Биологические модели литературного произведения
Мы почти не упоминали об экологии литературного произведения, потому что для ее обсуждения было бы необходимо привлечь материал социологических наблюдений, каковым мы не располагаем. Не может быть исследования экологии литературных произведений без должного уровня сопоставительного анализа, дающего возможность на основе частотных показателей выяснить, как эти произведения воспринимались в различных социальных средах на национальном и даже глобальном уровне — впрочем, только до тех пор, пока еще не наступало «диктуемое сверху» выравнивание критических позиций и читательских мнений. Ибо речь идет об исследовании процессов, формирующих инварианты произведений, а не их чисто внешний облик. Когда исследуют действие новых лекарств и не уведомляют самих врачей, прописывающих их пациентам, о том, которая таблетка является лекарством, а которая — имитацией из талька, именуемой плацебо, то поступают так не затем, чтобы выставить врачей обманщиками, а затем, чтобы результаты исследования были объективны, то есть не искажены никакими предвзятыми мнениями. Нам придется и далее молчать об экологии литературного произведения по причине отсутствия фактографических данных. Ведь личные впечатления и переживания таких данных заменить не могут.
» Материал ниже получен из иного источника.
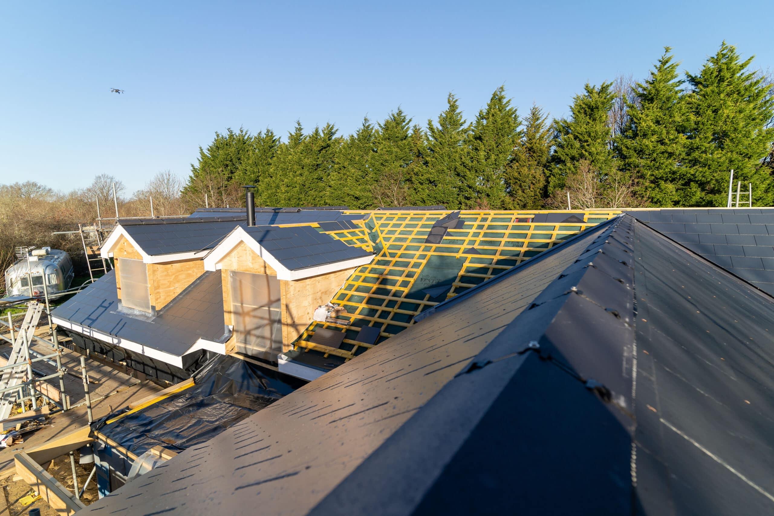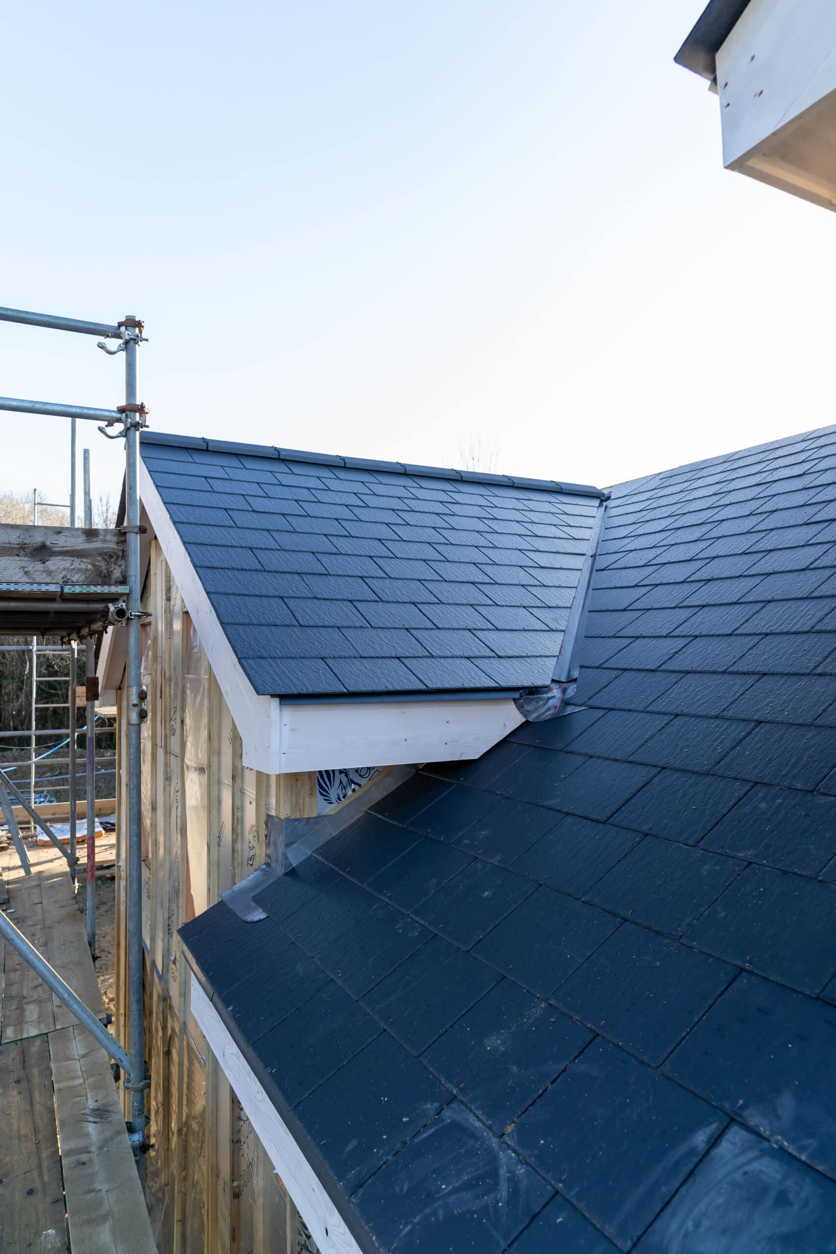 In a collaborative effort with JHE Construction, Cornerstone Roofing completed a standout roofing project in Ditchling, showcasing our expertise in delivering high-quality, durable roofing solutions. This project featured the meticulous installation of counter battens, Over Fascia Vents (OFV), and breathable membranes, alongside the use of premium Westonland slates and Redland Anthracite ridge tiles for aesthetic appeal and longevity. Adhering to NFRC-recommended specifications and incorporating custom leadwork by Sussex Lead Work, this project exemplifies Cornerstone’s commitment to excellence, blending innovative roofing techniques with the natural beauty and architectural integrity of Ditchling residences.

Помимо экологических, к нашей проблематике можно применить и другие понятия и аналогии из области биологии, а именно генетические. Интерес в этом плане может представлять принятие эмбриогенеза за модель восприятия литературного произведения. Генотип организма не преобразуется во взрослую структуру благодаря механическому увеличению. Результатом эмбриогенеза является возникновение фенотипа — процесс, в котором сочетаются стохастическое воздействие инструкций со стороны генотипа и влияние среды. По аналогии мы можем говорить и о фенотипах литературных произведений как о конкретизациях этих произведений в читательском восприятии. Фенотип — это то, что возникает в сознании читателя и что святой наивностью часто отождествляется с самим произведением как с генотипом. Как текст, так и биологический генотип — суть управляющие информационные программы, размещенные на материальных носителях. Нам теперь придется произвести отчетливое различение между самим «текстом» и тем, что получает субъект восприятия, или читатель. В биологии это различение выглядит следующим образом: текст — это хромосомные нити ядра. Вся остальная протоплазма яйцеклетки — «получатель информации» и соответствует отдельному читателю. Культурной же среде соответствует естественное окружение, представленное внешним миром. Различие между процессами передачи в литературной и биологической областях перестанет быть существенным, если мы будем рассматривать их как чисто информационные. Только первый процесс протекает в автономно-самоорганизуемой материально-информационной системе, второй же основан на несравненно более рыхлой и временной связи — соединении читателя с текстом. От генотипа информация передается всегда только к одному «непосредственному получателю», он же исполнитель управляющей программы. Однако, во-первых, генетически тождественные яйцеклетки чистой линии образуют нечто подобное «тиражу» одной и той же книги с «читателями», которые весьма похожи один на другого. Во-вторых, мы уже умеем переносить ядра — следовательно, и генотипы — из яйцеклеток одних пород животных в яйцеклетки других пород. На результатах таких экспериментов мы на некоторое время остановимся, потому что они представляют интерес и для нас.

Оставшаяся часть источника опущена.